→ **Items from a dataset**:
--
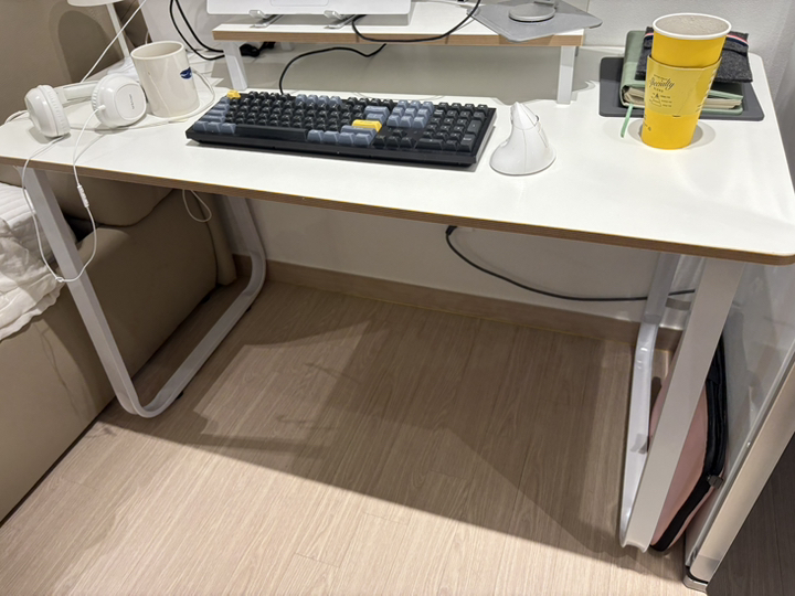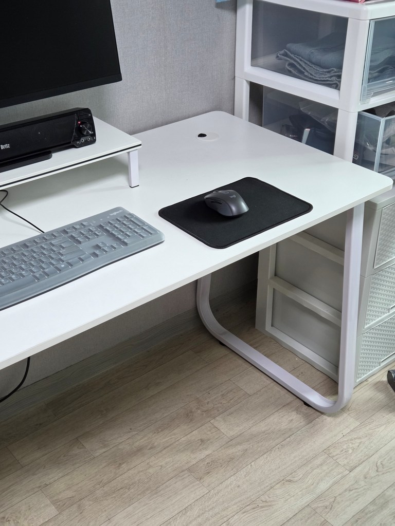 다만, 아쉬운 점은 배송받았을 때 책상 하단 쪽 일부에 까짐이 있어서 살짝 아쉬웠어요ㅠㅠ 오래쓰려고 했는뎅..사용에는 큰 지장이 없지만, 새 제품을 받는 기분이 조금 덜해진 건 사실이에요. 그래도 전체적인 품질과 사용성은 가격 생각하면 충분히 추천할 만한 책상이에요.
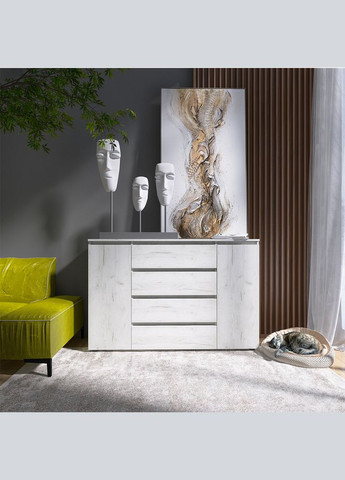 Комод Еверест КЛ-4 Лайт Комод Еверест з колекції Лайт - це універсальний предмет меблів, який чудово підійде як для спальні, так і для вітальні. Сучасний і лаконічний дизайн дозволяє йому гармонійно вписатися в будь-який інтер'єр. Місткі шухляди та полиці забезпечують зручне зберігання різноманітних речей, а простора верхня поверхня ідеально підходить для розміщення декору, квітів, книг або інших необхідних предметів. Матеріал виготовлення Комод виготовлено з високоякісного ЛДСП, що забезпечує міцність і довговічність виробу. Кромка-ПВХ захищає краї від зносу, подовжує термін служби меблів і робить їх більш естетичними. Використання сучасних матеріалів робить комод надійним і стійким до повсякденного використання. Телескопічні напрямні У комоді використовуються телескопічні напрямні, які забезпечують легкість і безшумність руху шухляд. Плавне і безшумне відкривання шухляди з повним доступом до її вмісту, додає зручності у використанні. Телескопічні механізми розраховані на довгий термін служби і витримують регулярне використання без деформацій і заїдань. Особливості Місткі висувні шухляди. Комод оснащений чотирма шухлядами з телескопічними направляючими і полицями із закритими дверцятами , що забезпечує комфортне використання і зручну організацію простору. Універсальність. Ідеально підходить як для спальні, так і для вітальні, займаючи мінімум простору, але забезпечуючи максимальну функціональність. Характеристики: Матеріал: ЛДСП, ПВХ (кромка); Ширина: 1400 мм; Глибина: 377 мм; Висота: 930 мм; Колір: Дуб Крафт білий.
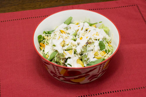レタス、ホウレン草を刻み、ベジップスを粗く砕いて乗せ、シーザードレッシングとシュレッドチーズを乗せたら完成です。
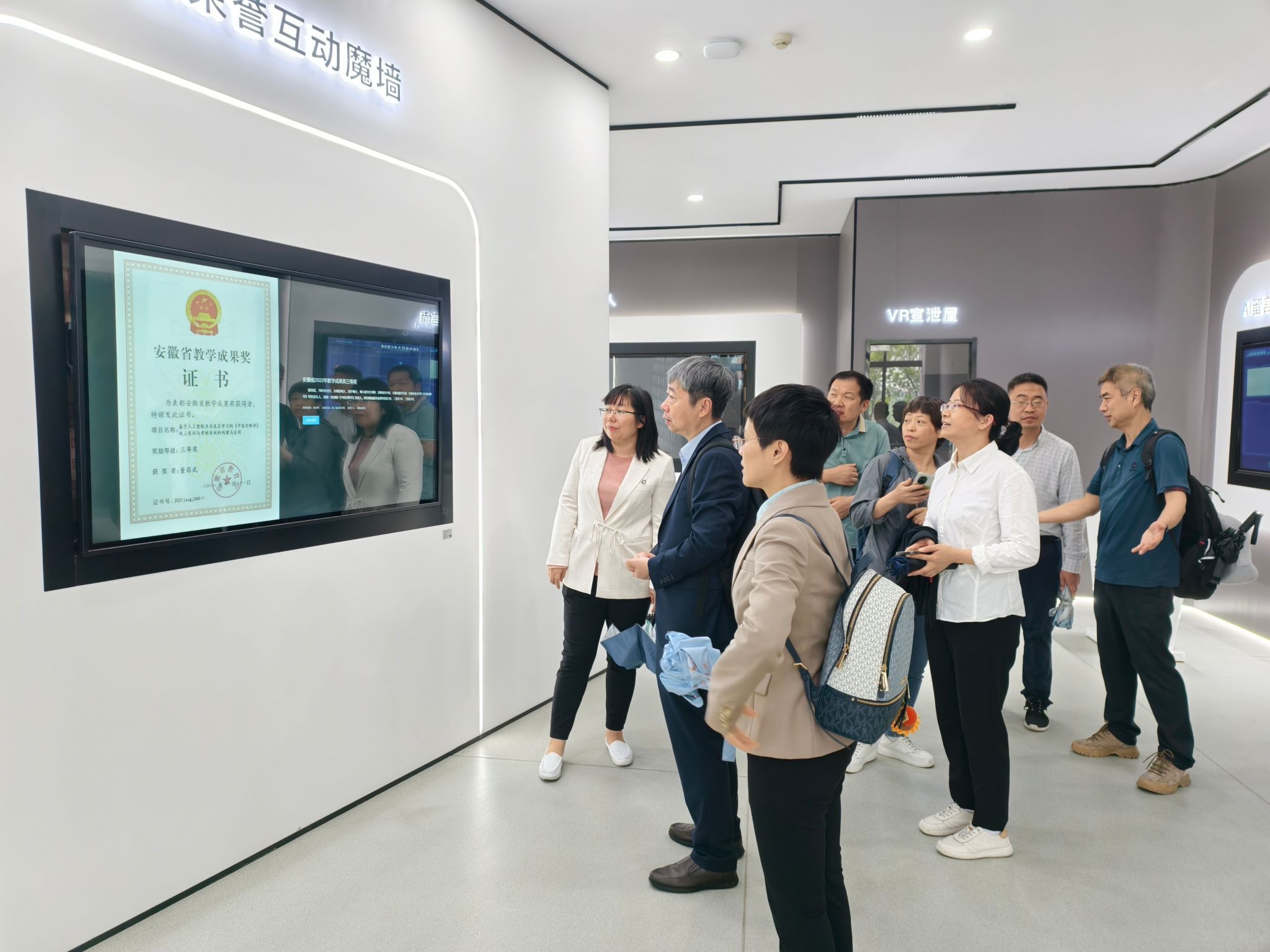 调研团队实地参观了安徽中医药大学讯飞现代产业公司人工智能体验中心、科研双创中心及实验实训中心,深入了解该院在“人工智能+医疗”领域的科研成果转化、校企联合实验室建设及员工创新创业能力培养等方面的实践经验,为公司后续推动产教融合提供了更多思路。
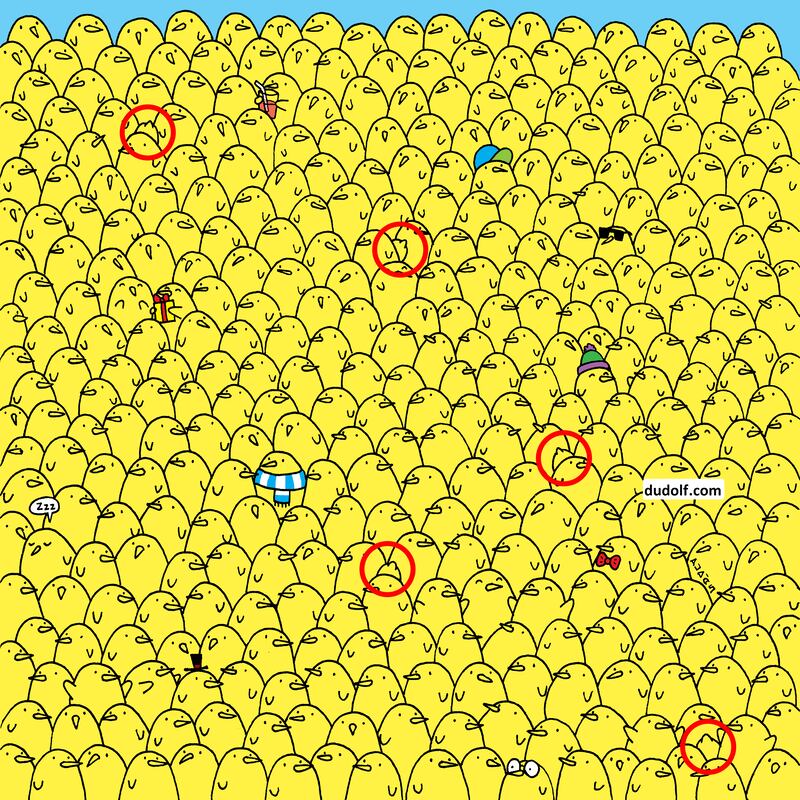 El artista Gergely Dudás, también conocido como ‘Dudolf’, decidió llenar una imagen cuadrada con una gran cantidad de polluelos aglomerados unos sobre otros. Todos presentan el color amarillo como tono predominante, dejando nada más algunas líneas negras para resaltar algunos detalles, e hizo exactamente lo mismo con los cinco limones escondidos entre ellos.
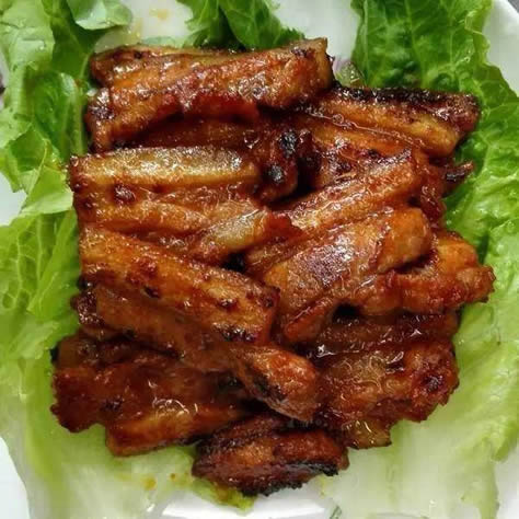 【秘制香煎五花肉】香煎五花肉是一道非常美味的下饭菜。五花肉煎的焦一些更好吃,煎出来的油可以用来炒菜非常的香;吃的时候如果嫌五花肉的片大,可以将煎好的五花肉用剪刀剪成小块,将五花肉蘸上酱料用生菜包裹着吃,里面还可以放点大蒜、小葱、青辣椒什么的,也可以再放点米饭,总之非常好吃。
--
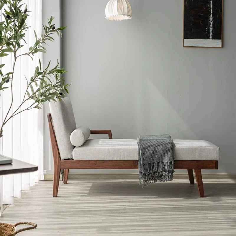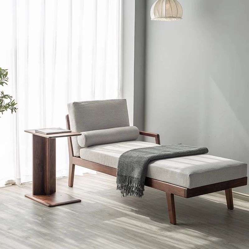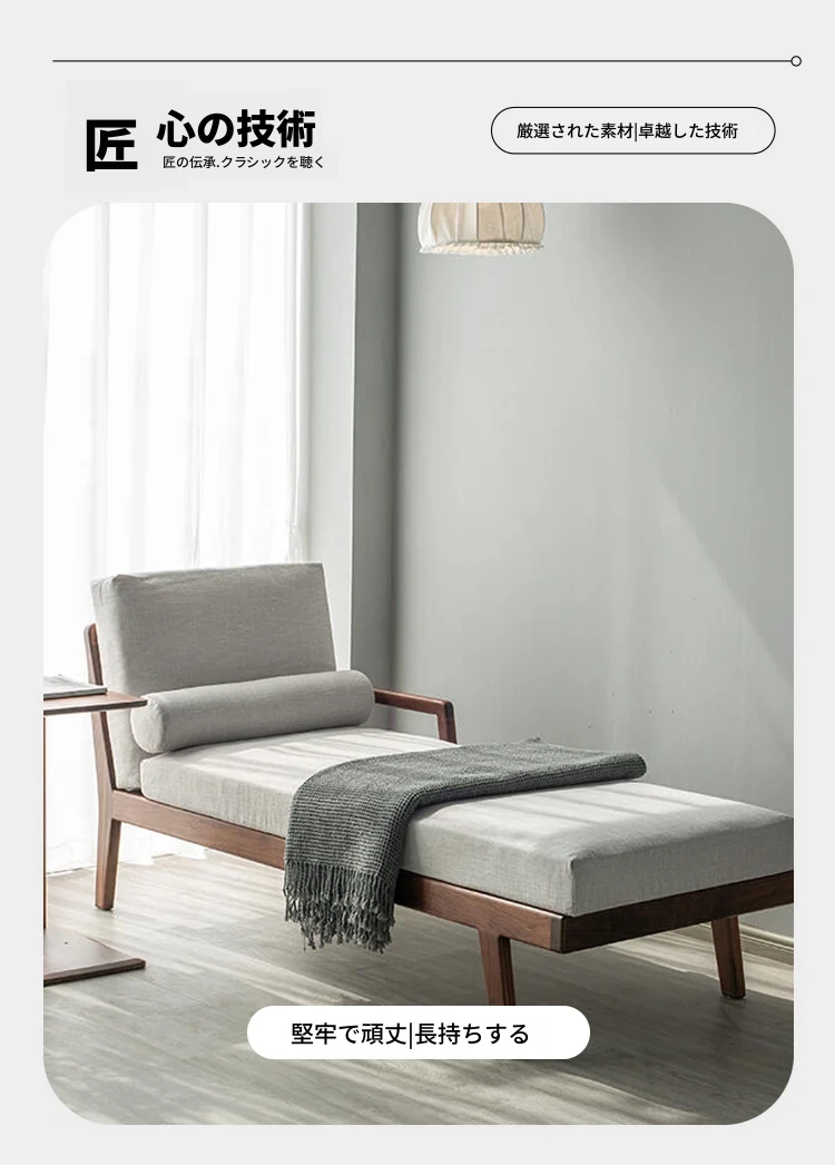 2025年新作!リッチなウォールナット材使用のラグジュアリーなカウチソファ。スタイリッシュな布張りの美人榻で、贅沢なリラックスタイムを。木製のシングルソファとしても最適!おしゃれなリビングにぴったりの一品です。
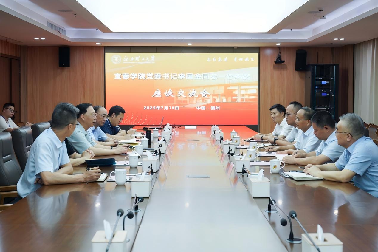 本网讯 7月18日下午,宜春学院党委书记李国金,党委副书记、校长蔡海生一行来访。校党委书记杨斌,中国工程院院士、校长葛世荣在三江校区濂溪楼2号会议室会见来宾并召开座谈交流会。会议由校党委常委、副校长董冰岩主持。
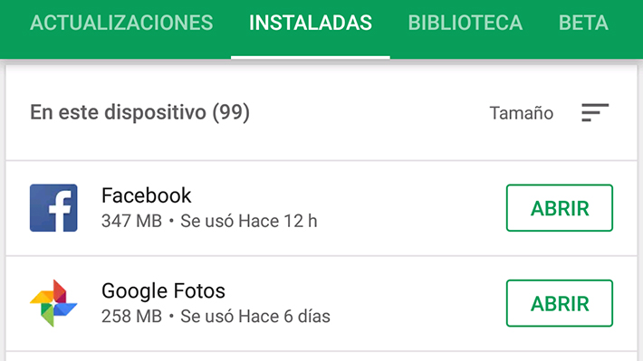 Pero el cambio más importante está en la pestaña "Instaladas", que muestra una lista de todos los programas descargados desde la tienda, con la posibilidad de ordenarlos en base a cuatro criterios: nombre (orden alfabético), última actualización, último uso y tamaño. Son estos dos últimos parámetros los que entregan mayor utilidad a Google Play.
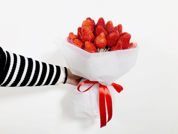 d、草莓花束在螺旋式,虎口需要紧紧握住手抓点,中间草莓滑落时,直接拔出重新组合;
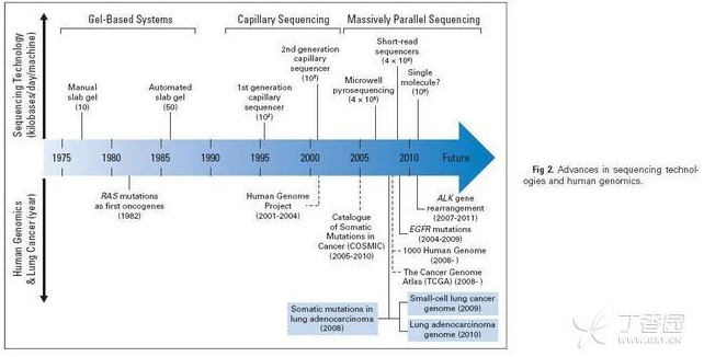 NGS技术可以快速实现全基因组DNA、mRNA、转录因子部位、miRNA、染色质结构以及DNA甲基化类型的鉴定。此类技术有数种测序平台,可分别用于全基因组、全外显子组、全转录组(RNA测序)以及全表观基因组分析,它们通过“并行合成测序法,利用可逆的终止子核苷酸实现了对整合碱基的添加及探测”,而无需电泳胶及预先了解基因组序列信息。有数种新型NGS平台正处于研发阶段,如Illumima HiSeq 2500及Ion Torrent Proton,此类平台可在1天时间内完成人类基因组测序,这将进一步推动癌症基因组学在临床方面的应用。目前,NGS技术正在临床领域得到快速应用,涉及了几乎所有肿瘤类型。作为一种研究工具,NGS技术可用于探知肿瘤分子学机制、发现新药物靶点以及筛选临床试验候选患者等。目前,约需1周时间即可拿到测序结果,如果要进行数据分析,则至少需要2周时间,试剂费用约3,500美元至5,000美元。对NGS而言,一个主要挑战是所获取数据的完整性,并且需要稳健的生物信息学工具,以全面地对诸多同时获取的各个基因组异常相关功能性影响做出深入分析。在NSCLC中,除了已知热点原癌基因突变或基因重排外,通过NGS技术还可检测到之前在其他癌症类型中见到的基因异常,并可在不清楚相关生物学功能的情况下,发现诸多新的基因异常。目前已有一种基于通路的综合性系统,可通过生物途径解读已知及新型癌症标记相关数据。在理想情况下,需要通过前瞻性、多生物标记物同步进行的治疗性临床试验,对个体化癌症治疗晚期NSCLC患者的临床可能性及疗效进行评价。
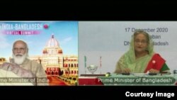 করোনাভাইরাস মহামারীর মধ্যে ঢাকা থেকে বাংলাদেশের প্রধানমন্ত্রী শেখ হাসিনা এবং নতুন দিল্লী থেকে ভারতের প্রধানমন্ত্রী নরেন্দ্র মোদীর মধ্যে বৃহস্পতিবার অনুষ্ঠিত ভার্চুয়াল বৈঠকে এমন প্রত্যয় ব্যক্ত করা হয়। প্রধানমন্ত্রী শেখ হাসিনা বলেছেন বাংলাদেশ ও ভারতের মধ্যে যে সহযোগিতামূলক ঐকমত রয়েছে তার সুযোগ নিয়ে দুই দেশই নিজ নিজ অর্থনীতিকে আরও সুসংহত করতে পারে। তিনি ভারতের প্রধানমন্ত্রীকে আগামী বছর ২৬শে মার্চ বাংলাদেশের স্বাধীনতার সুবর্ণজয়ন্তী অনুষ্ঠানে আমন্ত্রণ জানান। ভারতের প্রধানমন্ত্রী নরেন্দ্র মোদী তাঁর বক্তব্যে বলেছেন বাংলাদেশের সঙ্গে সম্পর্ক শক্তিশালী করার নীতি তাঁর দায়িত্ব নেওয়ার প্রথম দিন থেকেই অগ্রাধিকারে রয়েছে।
--
→ **WHAT YOU WILL DO**:
An exact transcription is needed of the lines from the one with "Комод Еверест КЛ-4" to the one with "调研团队实地参观了安徽中医药" above, both ends included, with pictures left out.

→ **RESULT**:
 Комод Еверест КЛ-4 Лайт Комод Еверест з колекції Лайт - це універсальний предмет меблів, який чудово підійде як для спальні, так і для вітальні. Сучасний і лаконічний дизайн дозволяє йому гармонійно вписатися в будь-який інтер'єр. Місткі шухляди та полиці забезпечують зручне зберігання різноманітних речей, а простора верхня поверхня ідеально підходить для розміщення декору, квітів, книг або інших необхідних предметів. Матеріал виготовлення Комод виготовлено з високоякісного ЛДСП, що забезпечує міцність і довговічність виробу. Кромка-ПВХ захищає краї від зносу, подовжує термін служби меблів і робить їх більш естетичними. Використання сучасних матеріалів робить комод надійним і стійким до повсякденного використання. Телескопічні напрямні У комоді використовуються телескопічні напрямні, які забезпечують легкість і безшумність руху шухляд. Плавне і безшумне відкривання шухляди з повним доступом до її вмісту, додає зручності у використанні. Телескопічні механізми розраховані на довгий термін служби і витримують регулярне використання без деформацій і заїдань. Особливості Місткі висувні шухляди. Комод оснащений чотирма шухлядами з телескопічними направляючими і полицями із закритими дверцятами , що забезпечує комфортне використання і зручну організацію простору. Універсальність. Ідеально підходить як для спальні, так і для вітальні, займаючи мінімум простору, але забезпечуючи максимальну функціональність. Характеристики: Матеріал: ЛДСП, ПВХ (кромка); Ширина: 1400 мм; Глибина: 377 мм; Висота: 930 мм; Колір: Дуб Крафт білий.
レタス、ホウレン草を刻み、ベジップスを粗く砕いて乗せ、シーザードレッシングとシュレッドチーズを乗せたら完成です。
 调研团队实地参观了安徽中医药大学讯飞现代产业公司人工智能体验中心、科研双创中心及实验实训中心,深入了解该院在“人工智能+医疗”领域的科研成果转化、校企联合实验室建设及员工创新创业能力培养等方面的实践经验,为公司后续推动产教融合提供了更多思路。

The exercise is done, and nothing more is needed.